Available data -
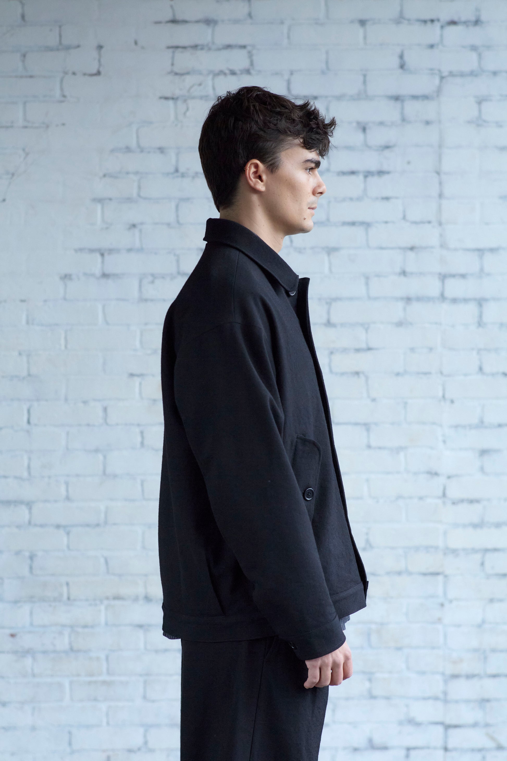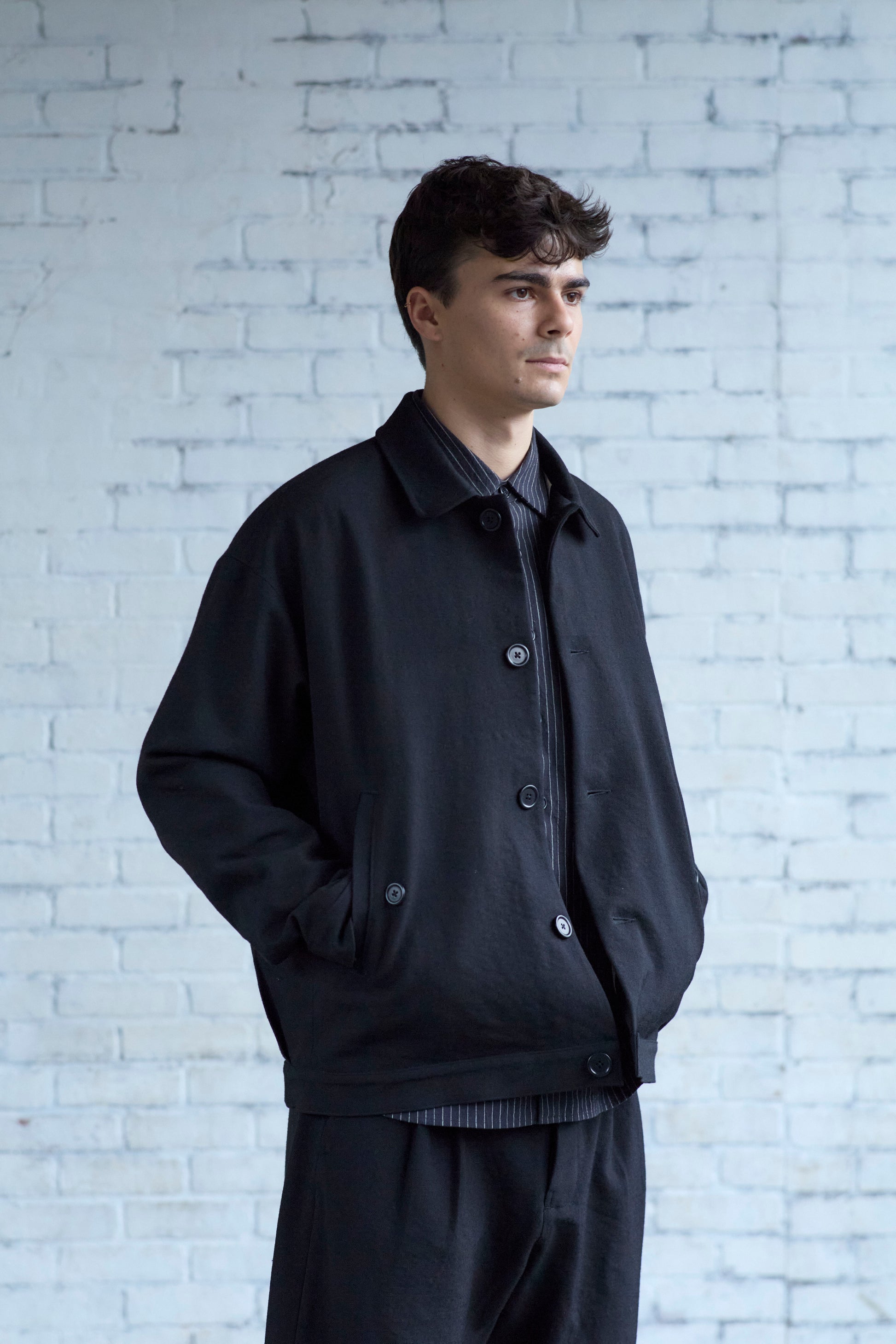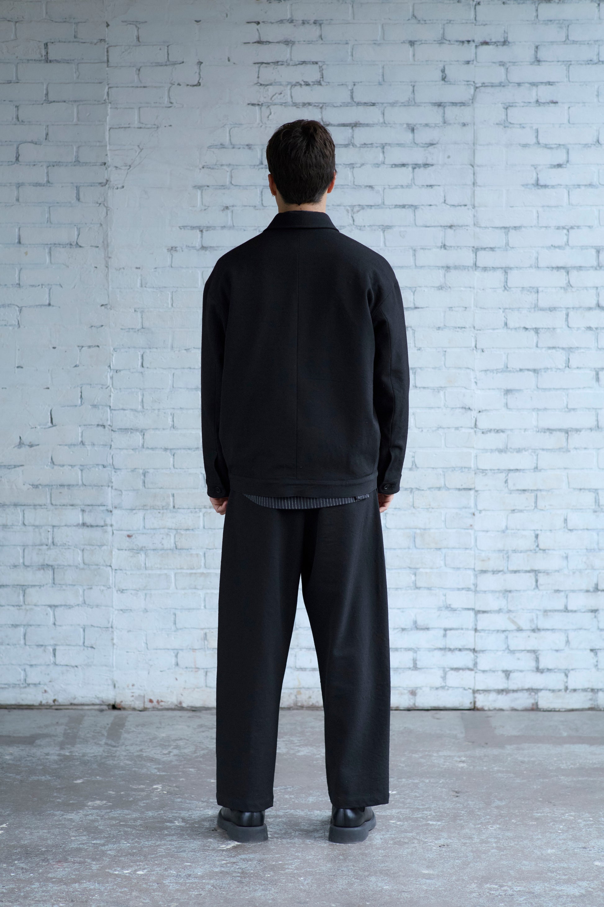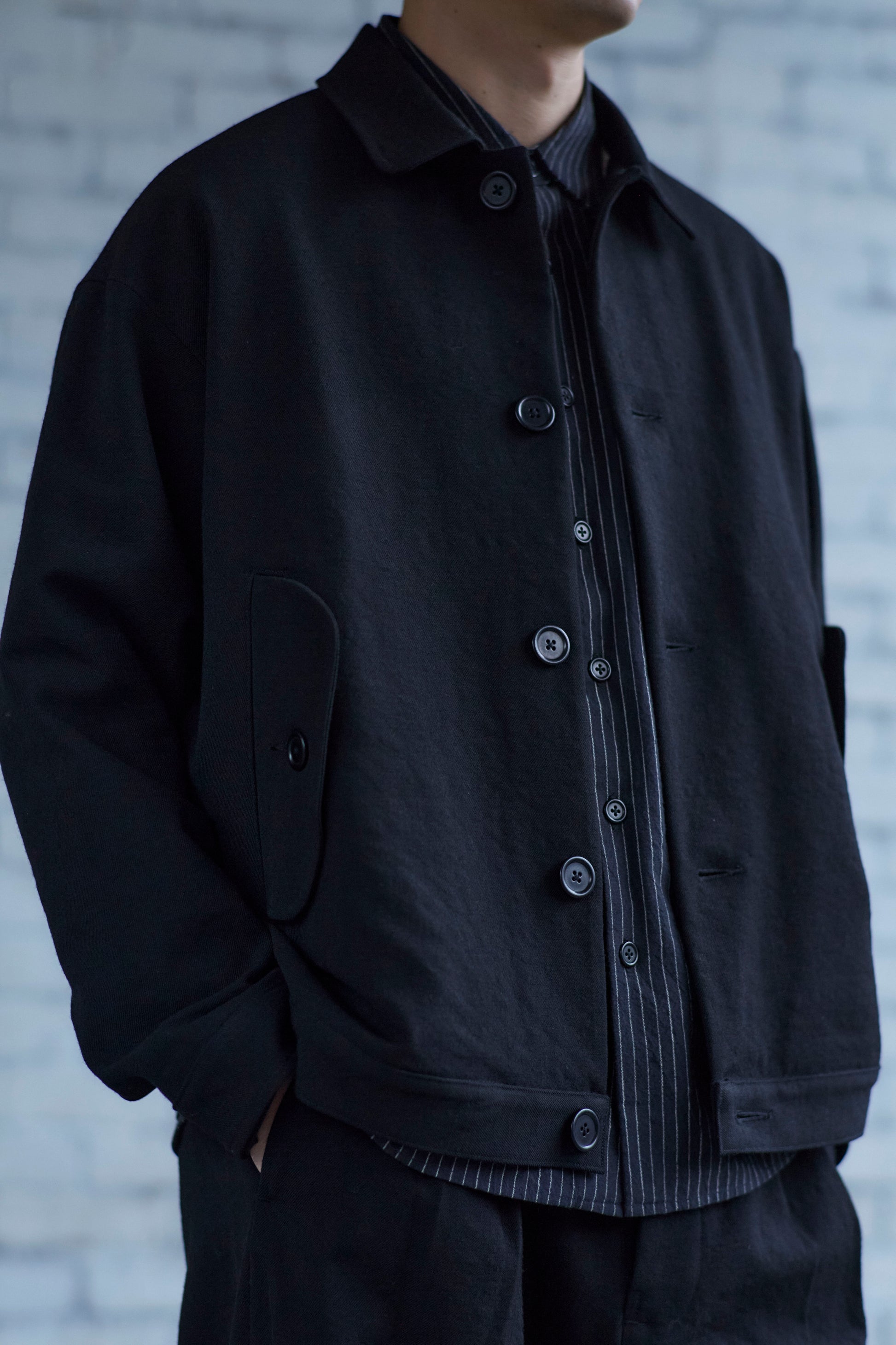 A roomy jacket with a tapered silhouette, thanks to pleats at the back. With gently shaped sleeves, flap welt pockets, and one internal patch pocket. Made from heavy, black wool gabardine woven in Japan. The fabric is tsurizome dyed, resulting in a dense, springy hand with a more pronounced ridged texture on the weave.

---

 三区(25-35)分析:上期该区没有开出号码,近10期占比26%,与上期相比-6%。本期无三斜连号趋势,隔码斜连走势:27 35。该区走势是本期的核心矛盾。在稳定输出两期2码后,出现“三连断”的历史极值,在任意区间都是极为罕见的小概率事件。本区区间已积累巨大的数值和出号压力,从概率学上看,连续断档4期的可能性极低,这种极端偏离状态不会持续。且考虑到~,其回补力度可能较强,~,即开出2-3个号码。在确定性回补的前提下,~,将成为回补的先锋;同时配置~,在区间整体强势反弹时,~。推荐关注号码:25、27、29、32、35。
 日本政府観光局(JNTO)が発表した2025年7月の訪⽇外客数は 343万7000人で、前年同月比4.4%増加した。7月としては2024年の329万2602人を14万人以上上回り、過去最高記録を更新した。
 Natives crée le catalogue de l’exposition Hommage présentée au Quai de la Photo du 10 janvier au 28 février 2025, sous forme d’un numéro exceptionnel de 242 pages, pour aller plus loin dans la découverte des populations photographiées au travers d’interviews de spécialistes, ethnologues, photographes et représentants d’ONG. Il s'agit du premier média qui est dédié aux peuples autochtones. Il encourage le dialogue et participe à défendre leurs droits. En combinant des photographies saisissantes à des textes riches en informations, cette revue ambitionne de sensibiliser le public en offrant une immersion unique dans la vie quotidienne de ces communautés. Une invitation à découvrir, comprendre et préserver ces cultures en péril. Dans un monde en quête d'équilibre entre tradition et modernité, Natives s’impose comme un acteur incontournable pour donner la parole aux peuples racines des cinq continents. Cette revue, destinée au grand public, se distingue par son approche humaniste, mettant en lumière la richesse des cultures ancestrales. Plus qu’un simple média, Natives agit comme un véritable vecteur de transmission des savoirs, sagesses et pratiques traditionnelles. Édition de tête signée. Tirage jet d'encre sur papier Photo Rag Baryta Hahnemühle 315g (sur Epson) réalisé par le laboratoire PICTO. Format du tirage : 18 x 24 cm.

* * *

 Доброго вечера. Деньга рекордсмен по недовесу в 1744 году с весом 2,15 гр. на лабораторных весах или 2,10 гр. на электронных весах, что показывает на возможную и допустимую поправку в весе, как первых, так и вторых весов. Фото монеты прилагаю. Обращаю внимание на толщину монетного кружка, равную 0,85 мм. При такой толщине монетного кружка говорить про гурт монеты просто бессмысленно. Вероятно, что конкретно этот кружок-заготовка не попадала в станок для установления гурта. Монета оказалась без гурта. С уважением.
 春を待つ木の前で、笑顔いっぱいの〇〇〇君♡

About this exercise - Of the entries above, repeat exactly the lines from the line with "Доброго вечера. Деньга" through the line with "春を待つ木の前で、笑顔いっぱいの〇〇〇君♡", both of them included.

Result below -
 Доброго вечера. Деньга рекордсмен по недовесу в 1744 году с весом 2,15 гр. на лабораторных весах или 2,10 гр. на электронных весах, что показывает на возможную и допустимую поправку в весе, как первых, так и вторых весов. Фото монеты прилагаю. Обращаю внимание на толщину монетного кружка, равную 0,85 мм. При такой толщине монетного кружка говорить про гурт монеты просто бессмысленно. Вероятно, что конкретно этот кружок-заготовка не попадала в станок для установления гурта. Монета оказалась без гурта. С уважением.
 春を待つ木の前で、笑顔いっぱいの〇〇〇君♡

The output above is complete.